TOKENWATCH centralises this into a single page with three core functions:
- Live monitoring -- see current activity and recent spend across all providers.
- Historical analytics -- monthly, yearly and financial-year views of cost and usage by provider, model and project.
- Early warning -- alerts when usage or cost patterns deviate from expectations (token explosions, key leaks, SMS bursts, etc.).
Non-goals
- TOKENWATCH is not an accounting system; it does not replace invoices.
- It is not a global observability platform; we care about cost/usage and a small set of behavioural signals, not every HTTP metric.
- It is not intended for general staff; access is restricted to exec/senior management only.
2. Dual-Truth Model
TOKENWATCH operates on a clear separation of authority:
- Providers are the source of truth for money.

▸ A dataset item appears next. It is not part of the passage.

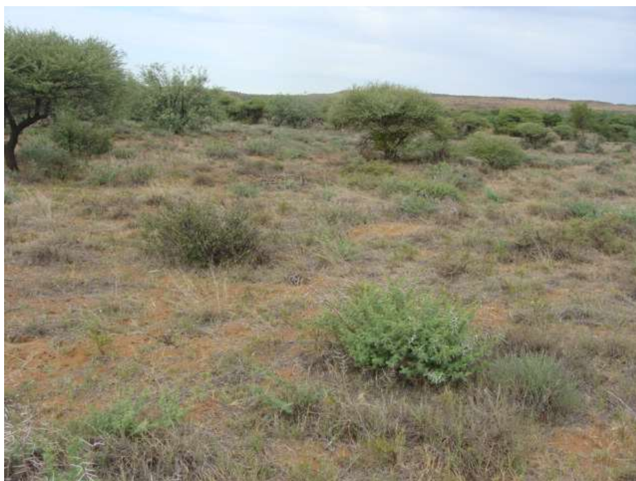
Figure 6: Red sand and low vegetation along Alternative Two.

If OpenAI/Anthropic/Google/Twilio report that we owe $100, TOKENWATCH accepts that as the canonical number.
- RABS is the source of truth for behaviour. Our internal event logs explain how and why money was spent -- which features, agents and projects drove each call.
Small deltas between our internal estimates and provider-reported totals are acceptable as long as they are explainable. Any approximations used are clearly labelled in the UI so a human can understand why numbers look the way they do.
3. Billing Modes
Providers bill differently. TOKENWATCH classifies each into a billing mode so the UI can render appropriate gauges and the alert system knows what to watch for.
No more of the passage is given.